The Minarets of Cairo

Islamic History and Archaeology

The Minarets of Cairo
Islamic Architecture from the Arab Conquest to the End of the Ottoman Period

Author(s): Doris Behrens-Abouseif

Reviewed by: Fozia Bora, Leicester, UK

 

Review

What can historical buildings tell us about the eras in which they were constructed, and subsequent vicissitudes? Do they offer encoded narratives revealing political and social history? Or do they add only details to the outlines preserved more substantially in textual sources? These are the questions thrown up by two recent books on medieval Islamic architecture, which demonstrate that a building is never just a building, and that medieval Islamic material culture is neglected by the modern historian at his or her peril.

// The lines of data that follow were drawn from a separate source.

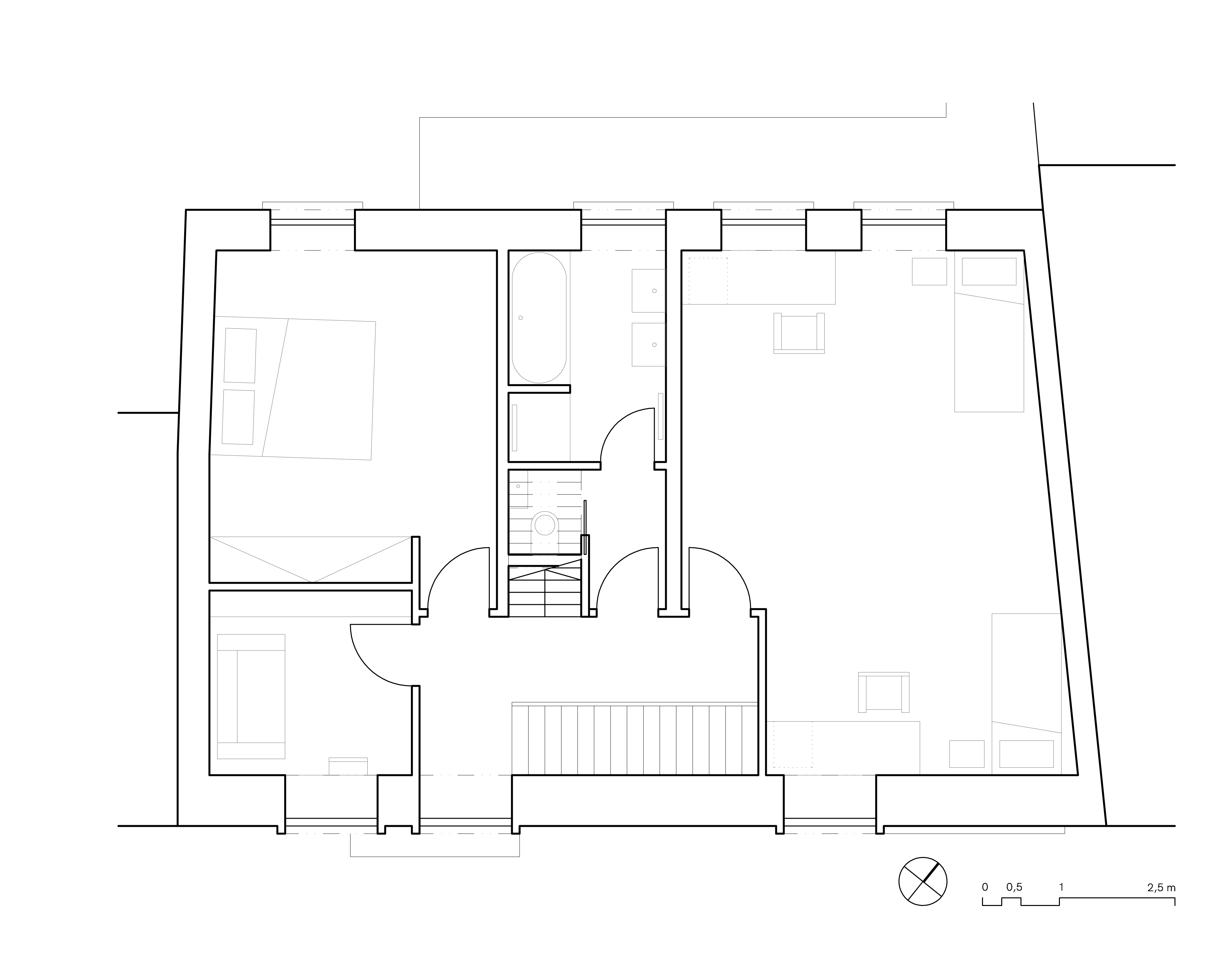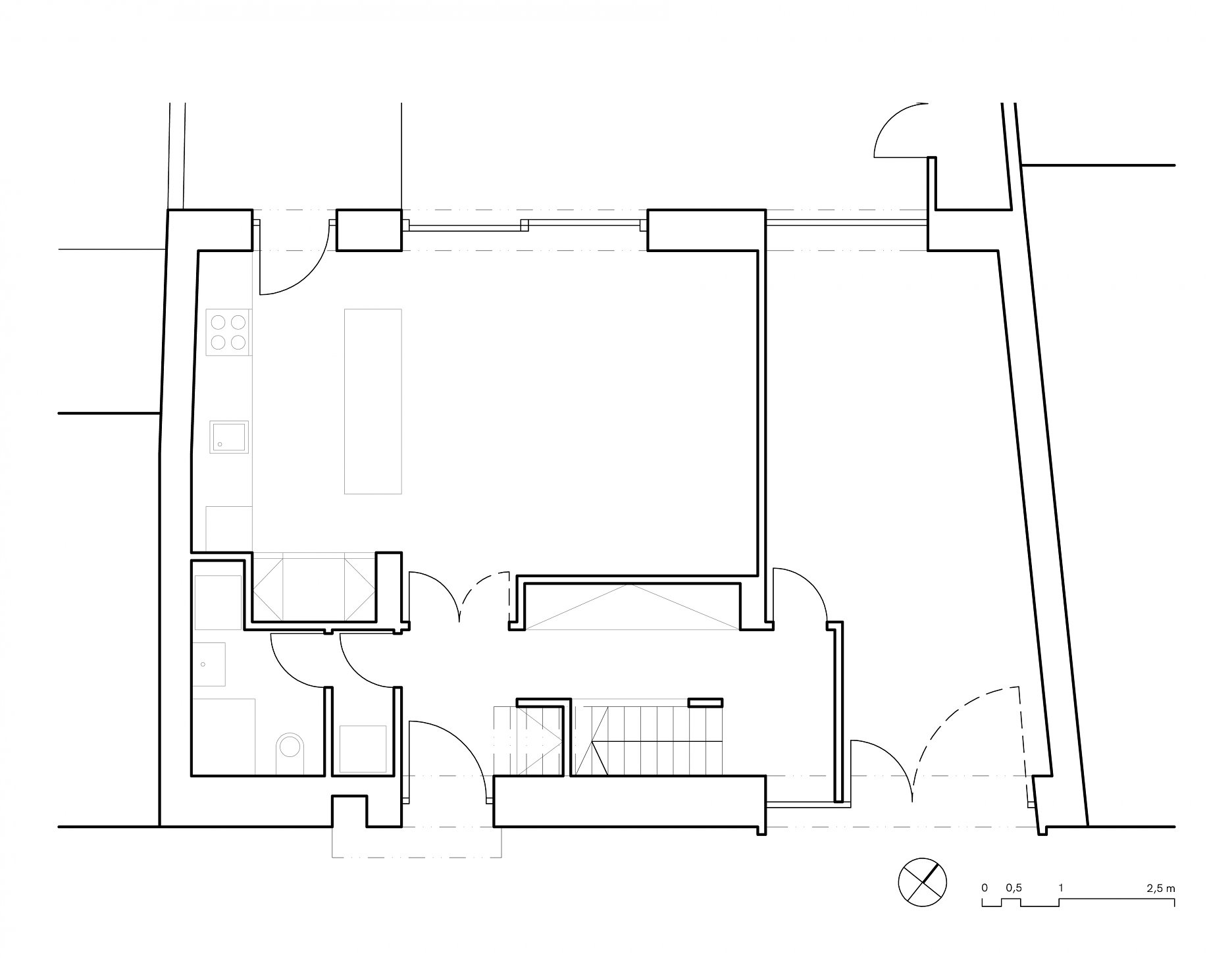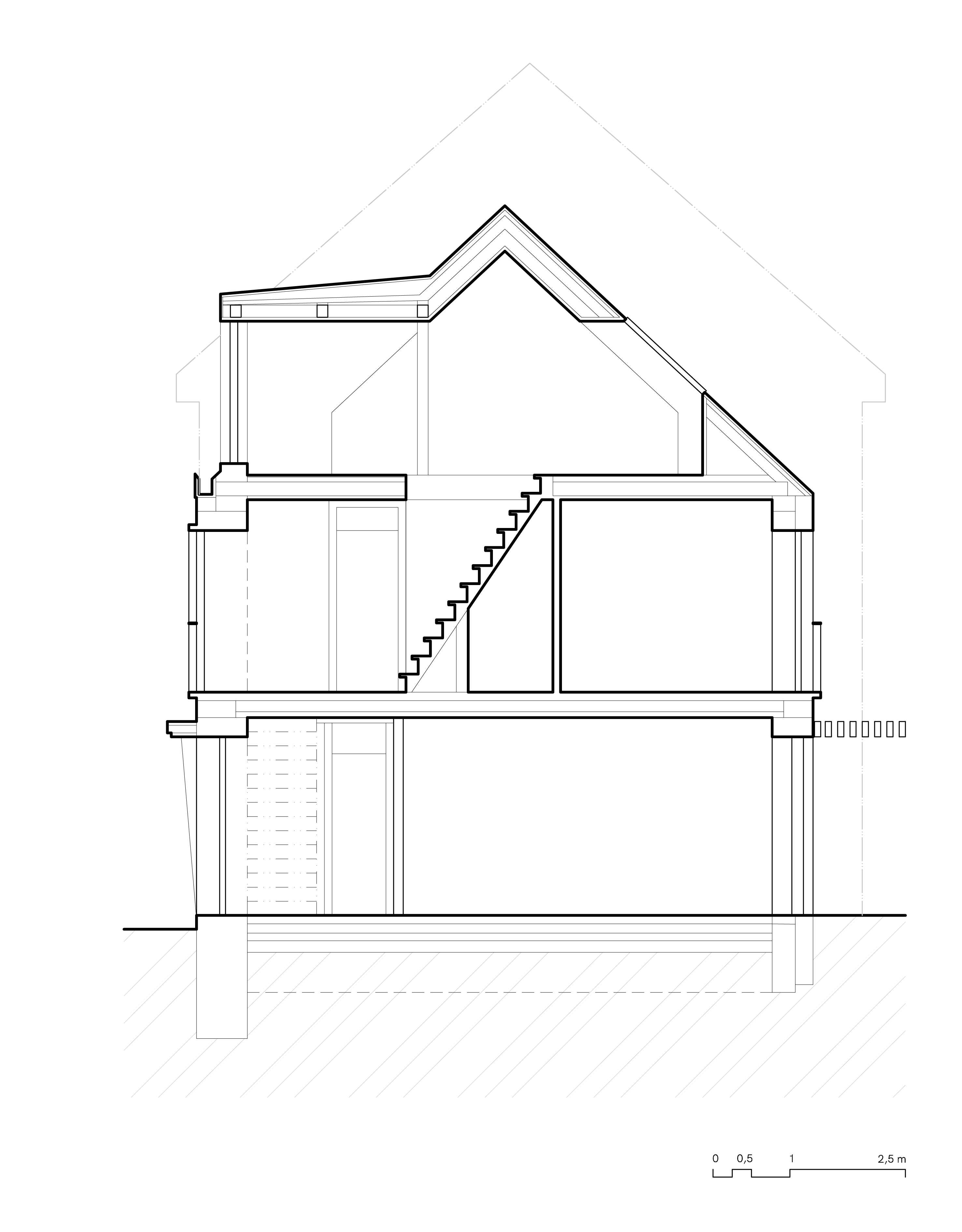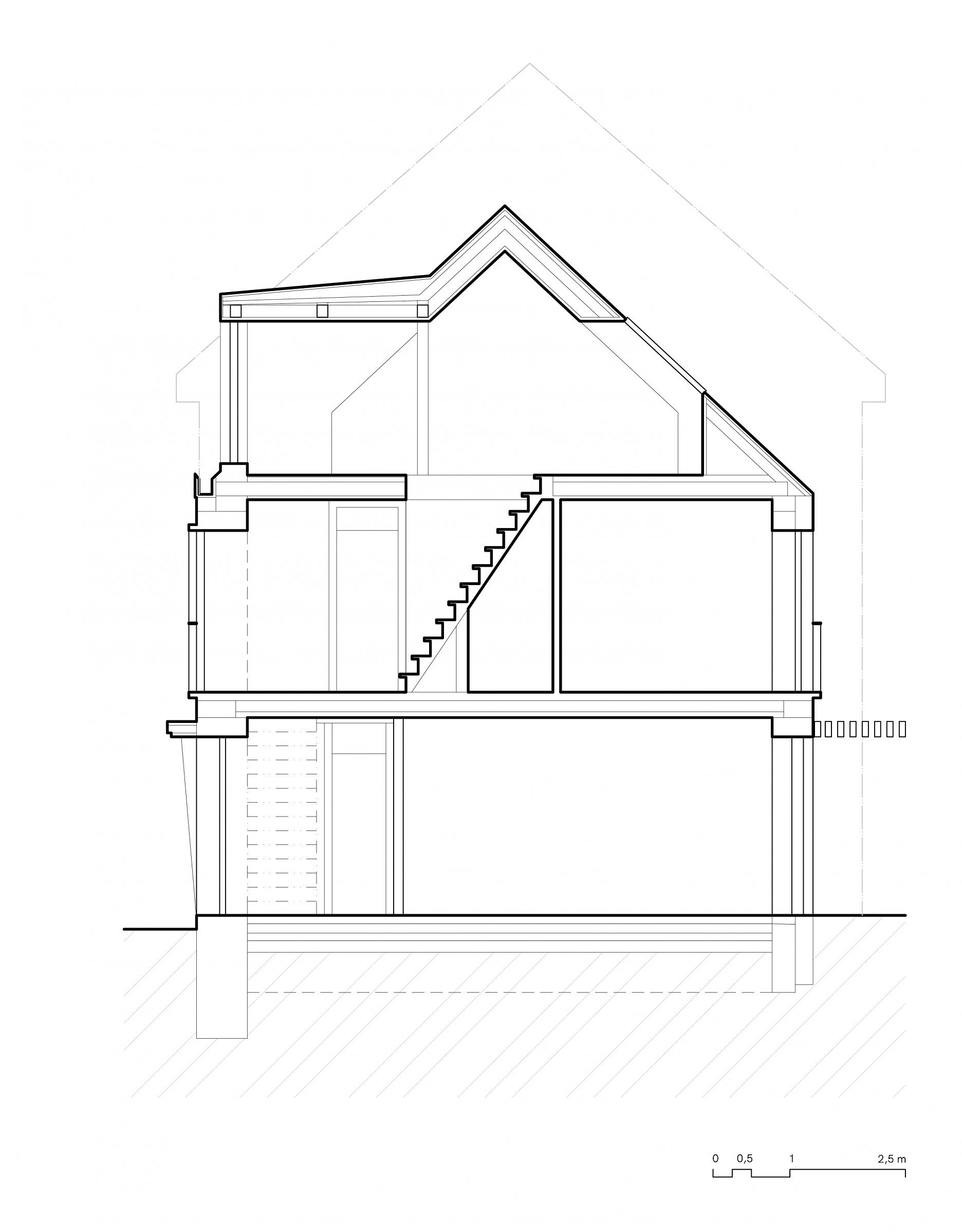 Rodinný dom je trojpodlažný. Prízemie sa prostredníctvom obytnej spoločenskej časti otvára severozápadným smerom do záhrady, technické zázemie tvorí časť od ulice. Na poschodí sú spálne a izby orientované na obe svetové strany a ponúkajú rôzne varianty výhľadov, denného osvetlenia či intimity. Podkrovie je poňaté ako jeden otvorený priestor s oddeleným šatníkom.
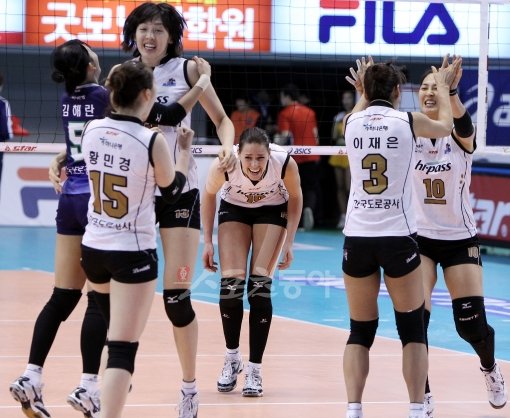 도로공사 선수들이 21일 열린 인삼공사와 경기에서 풀세트 접전 끝에 역전승 한 뒤 기뻐하고 있다. 대전 | 박화용 기자 inphoto@donga.com 트위터@seven7sola
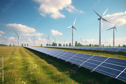 Solar panels and wind turbines illustration, symbolizing the renewable energy revolution and our collective commitment to a greener and cleaner world. Ai generated
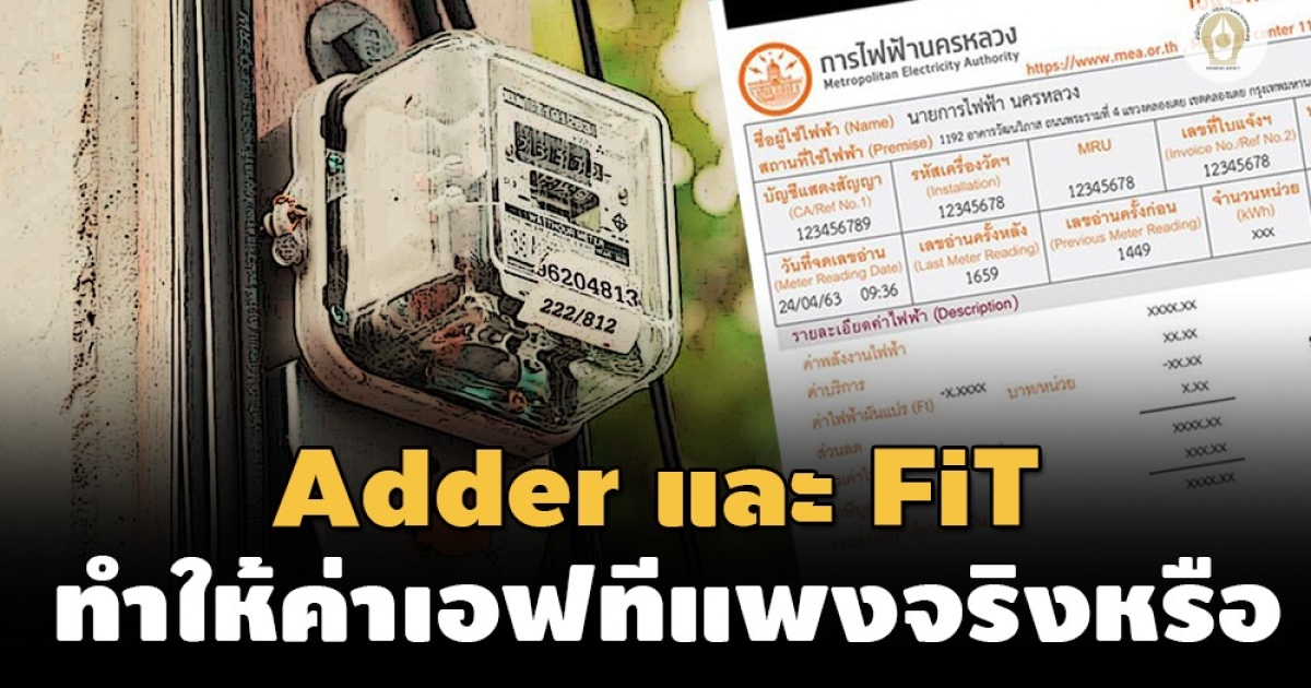 ทำความเข้าใจอัตราค่าไฟฟ้าส่วนเพิ่มโดยบวกเพิ่มจากอัตราค่าไฟฟ้าปกติเป็นระยะเวลา 7 หรือ 10 ปี(Adder) และ การผลิตไฟฟ้าจากพลังงานหมุนเวียนแต่ละประเภท(Fit)ที่มีผลต่อค่าไฟฟ้าในปัจจุบัน

Yet few modern historians of medieval Islam appear equally at home with architectural and textual witnesses to Islamic civilization. This dual expertise is what Nasser Rabbat brings to the table in a new selection of his writings on Mamluk architecture and history written over the sixteen-year period 1989–2005. As a professor of Islamic architecture for twenty years, one might expect his reflections on Mamluk material culture to be sophisticated and groundbreaking; yet his readings of textual and documentary sources are equally revealing and in some cases seminal. Texts and buildings both speak clearly to this historian, and this is one of the intriguing features of this collection, which explores, explicitly and implicitly, the correlation between the two types of ‘narrative’ or expression. Rabbat habitually exploits one type of medium to throw light on the other.